Australia may toughen citizenship rules

The Australian government is considering toughening citizenship rules as part of its anti-terrorism campaign in light of last month's bombings in London.

    John Howard says Australia is a terrorist target

    The key measures being considered are doubling the number of years of permanent residency from two to four before citizenship is granted and more stringent security checks, including international legal checks, Citizenship Minister John Cobb told Australia's Sky News television.

    "Everything is on that table that may be able to tighten our security in an acceptable way," Cobb said.

    "We already do conduct checks before anybody is allowed to migrate to Australia in the first place," he added.

    "If we need perhaps to look at a longer term of permanent residence before getting citizenship, and perhaps more checks before people are actually allowed to go down that route, well so be it."

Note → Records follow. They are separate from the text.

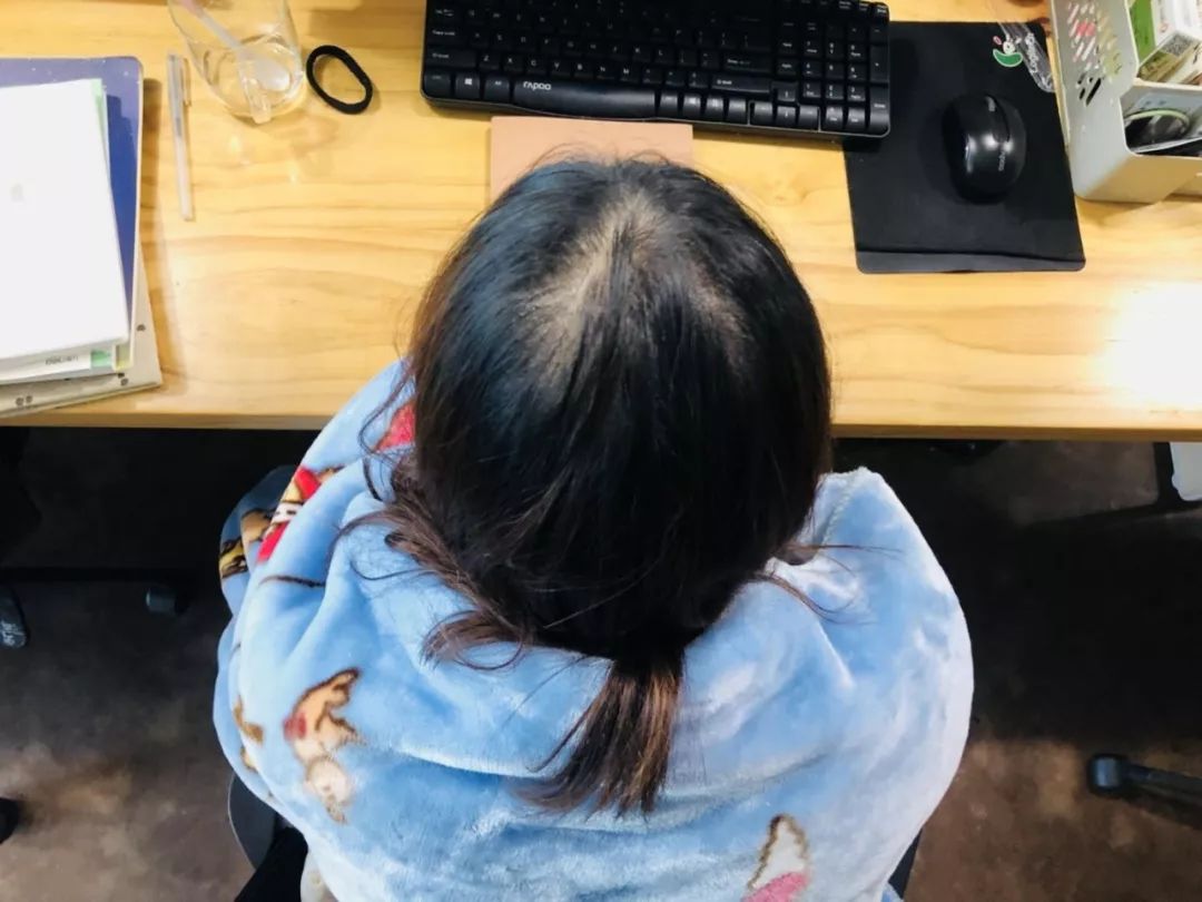 被同事拍下了脱发相当严重的头顶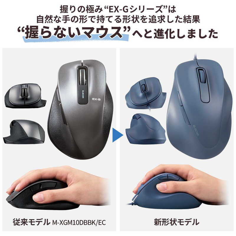 エレコム ELECOM マウス EX-G Mサイズ 抗菌 [BlueLED /有線 /5ボタン /USB] ブルー M-XGM30UBSKBU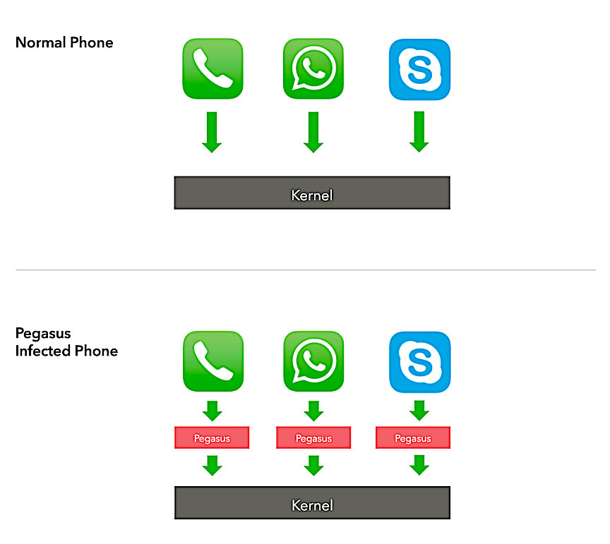 Usually, iOS security mechanisms prevent normal apps from spying on each other, but spying “hooks” can be installed on a jailbroken device. Pegasus takes advantage of both the remote jailbreak exploit and a technique called “hooking.”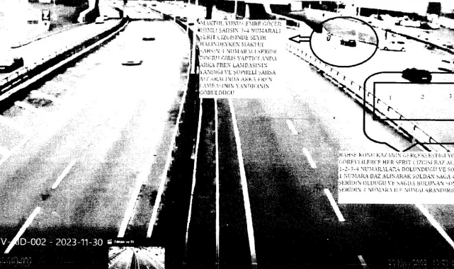 Görüntü inceleme tutanağında ayrıca, çarpışma anı sonrasında şüphelinin aracına ait arka fren lambalarının yanmadığı ve 3 numara ile adlandırılan şeride doğru seyir halinde olduğunun görüldüğü aktarıldı.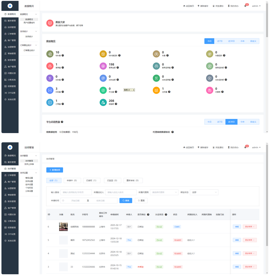 包含用户端、技师端、总后台、代理商、分销员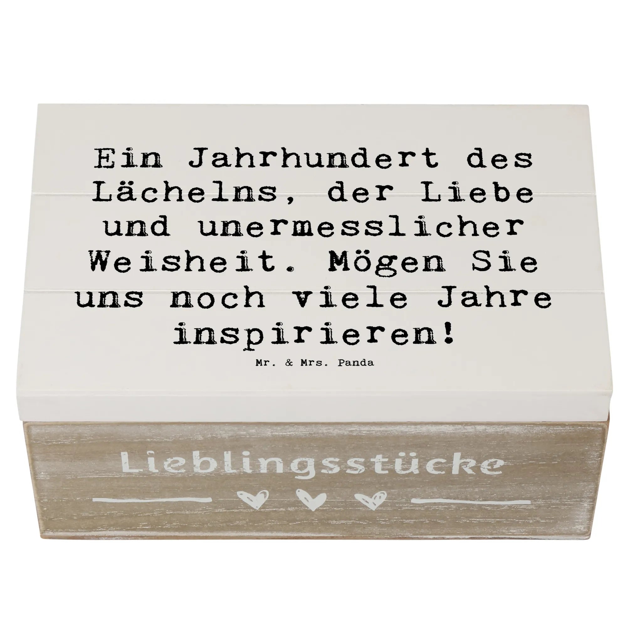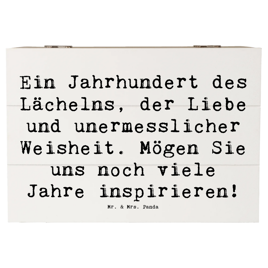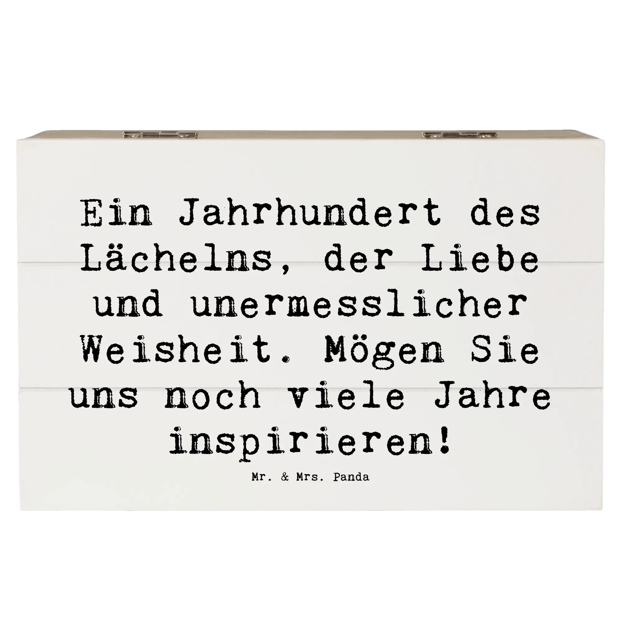 Wooden chest Saying Ein Jahrhundert des Lächelns, der Liebe und unermesslicher Weisheit. Mögen Sie uns noch viele Jahre inspirieren! - 22 x 15 cm - White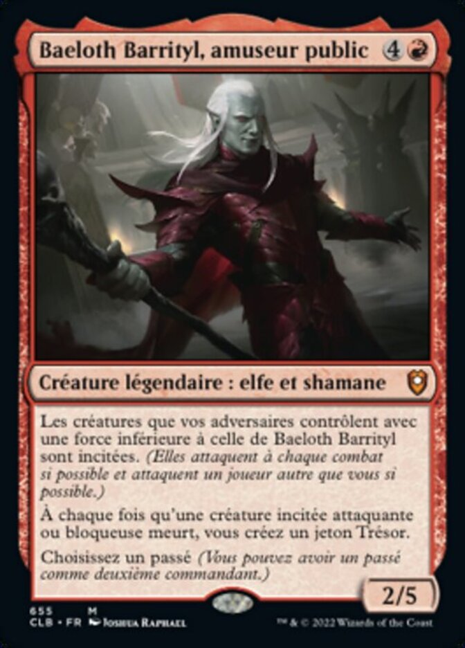 | Rules | Creatures your opponents control with power less than Baeloth Barrityl's power are goaded. (They attack each combat if able and attack a player other than you if able.) Whenever a goaded attacking or blocking creature dies, you create a Treasure token. Choose a Background (You can have a Background as a second commander.) |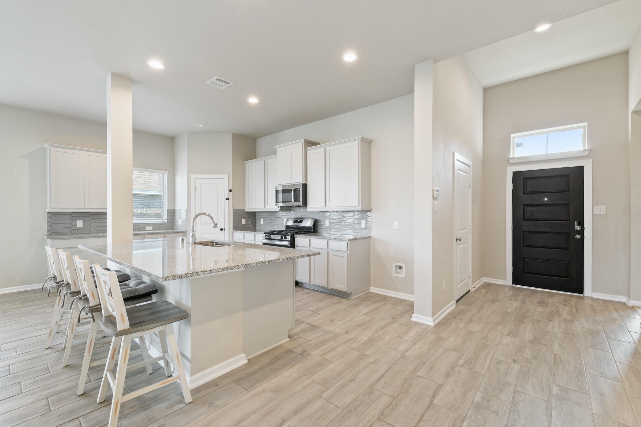 Step into this beautiful 4-bed single-story home, thoughtfully designed w/ an open floor plan perfect for everyday living and entertaining. Rich wood-look tile flows throughout the main living areas, complemented by high ceilings that add to the homes airy & inviting feel. The gorgeous kitchen is a true centerpiece, featuring crisp white cabinets, a large island w/ a built-in sink, gleaming granite countertops, & sleek recessed lighting. Whether youre preparing a quick meal or hosting a dinner party, this space is as functional as it is stylish. All bedrooms are conveniently located for privacy & comfort, w/ the versatile 4th bedroom easily doubling as a home office or guest room. The layout offers flexibility to suit your lifestyle. Outside, youll find a spacious fenced backyard w/ a covered patio, the perfect setting for weekend barbecues, gatherings, or simply unwinding at the end of the day. Blending style, comfort, & versatility, this home is ready to welcome its next owner.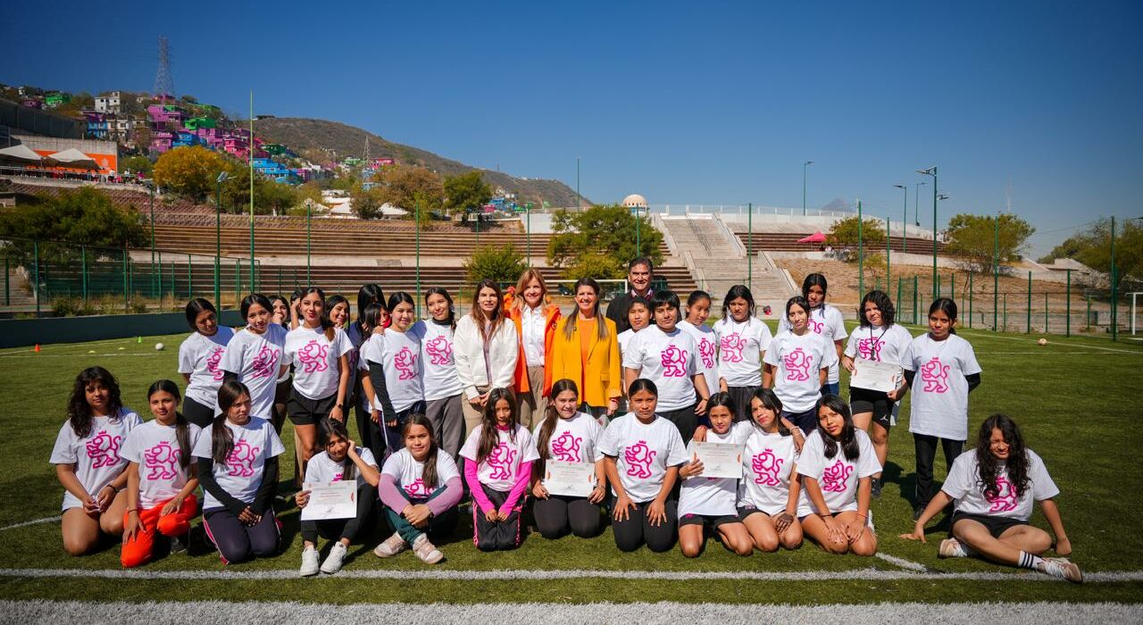 Monterrey, Nuevo León, 18 de marzo.- La Secretaria de Igualdad e Inclusión, Martha Herrera, encabezó las actividades de “Chavas en la Cancha 2026”, Clínicas de Futbol para el Liderazgo e Inclusión, en el que participaron mujeres adolescentes de 12 a 17 años de Centros Comunitarios de Nuevo León.

    Prime Minister John Howard has said Australia, a staunch US ally which has sent troops to Iraq and Afghanistan, is a terrorist target and the country has been on medium level security alert since shortly after the 11 September 2001 attacks on the US.

    Australia has never suffered a
    major peacetime attack at home

    Australia has never suffered a major peacetime attack at home, but security officials are concerned the country's multi-cultural population may produce "home grown" militants similar to the four bombers who killed themselves and 52 other people when they detonated bombs on 7 July in London.

    Australian Federal Police Commissioner Mick Keelty said in August that up to 60 suspected militants in Sydney and Melbourne were under surveillance.

    Civil liberties campaigners cautioned against stricter citizenship rules.

    "This sort of policy could be used to discriminate unfairly against people who the government just don't like because they happen to have visited somewhere or taken some other actions which is innocent and explainable, but doesn't fit the government's policy," said Cameron Murphy, president of The Council for Civil Liberties.